As a technical side note: Most notably to enable batching for MPS, and to avoid a significant manual rewrite of the code base to support multiple prompts at the same time, we used a Tensor subclass we call MapTensor. A MapTensor allows us to pass a batch of N prompts, but have it advertise a batch size of 1. Any operation is then automatically broadcast to the wrapped Tensor and propagated throughout the prediction part of the model. This works because individual prompt predictions are independent of one another. This is very similar to torch.vmap.

center_points_torch = to_map_tensor(center_points_torch)
center_points_label_torch = to_map_tensor(center_points_label_torch)
masks, scores, _ = mask_generator.predictor.predict(
    point_coords=center_points_torch,
    point_labels=center_points_label_torch,
    multimask_output=True,
    return_logits=False,
    return_type="torch",
)
# Unwrapping MapTensor
masks = masks.elems
scores = scores.elems

fast: fullgraph compilation

Just as with our first post, we first remove GPU syncs and graph breaks to make use of fullgraph compiled model code with max-autotune kernels where appropriate. After some rewriting, we are able to compile the image encoder and the prediction of masks.
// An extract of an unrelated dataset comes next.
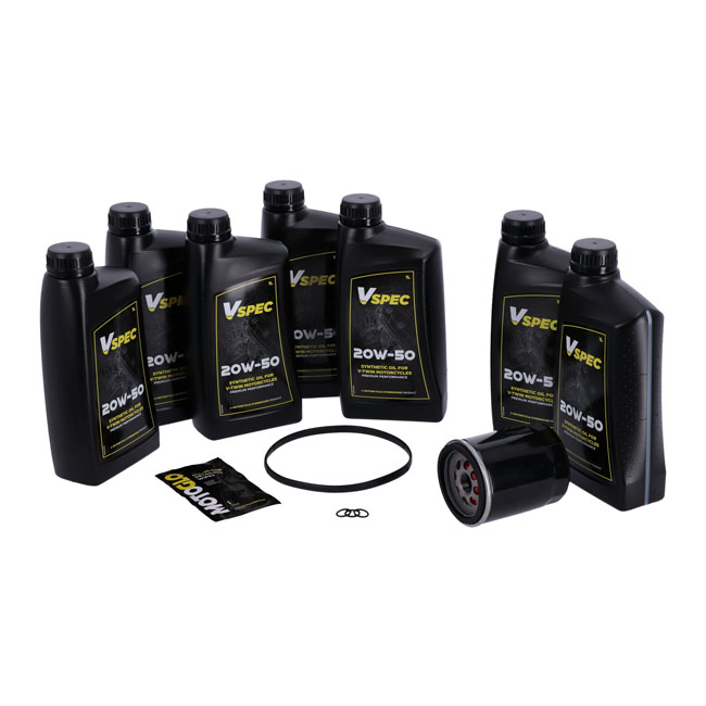 Includes: 7 liters SAE 20W50 3-1 full synthetic engine / primary / transmission oil; 62700297 oil filter black; 17369-06 O-ring seal derby cover; 11105 O-ring drain plug. Quality 20W50 full synthetic Vspec oil. Special All in One solution blend for use as engine / primary / transmission oil. Okay to mix with all mineral and semi-synthetic oils. Meets or exceeds JASO MA/2. Our 'Big Oil' kit includes enough Vspec engine; transmission and primary oil to service the specific models as mentioned. Kit includes a chrome or black spin-on oil filter and all required drain plug seals and a primary derby/inspection cover gasket/seal to get the job done. The 'Big Oil' kit is perfect to full oil-service your bike during a regular service interval or before you store it for the for the winter period. Note: Comes with genuine Vspec high quality motor oil for all stock to high output engines. Note: OEM part numbers are given for reference only. Note: Used oil may contain harmful acids and/or other contaminants. Therefore it is advised to do an oil and filter change before winter storage. Note: Check your service manual for the recommended factory oil change intervals and oil change quantities.

We run the experiments twice to get a sense of the overhead due to compilation. We run it once in an environment with an empty TORCHINDUCTOR_CACHE_DIR and then again while ingesting the artifacts from the previous run. In particular, auto-tuning can take a long time and happens on the first call in a pristine environment. We call the second run “warm”. The first iteration is typically expected to be slow due to various other related initialization processes, but compile increases it significantly, even if an existing cache is used and the same exact shapes are fed again. Having said that, an overhead of a few seconds in a warm environment is often still stomachable on the very first call.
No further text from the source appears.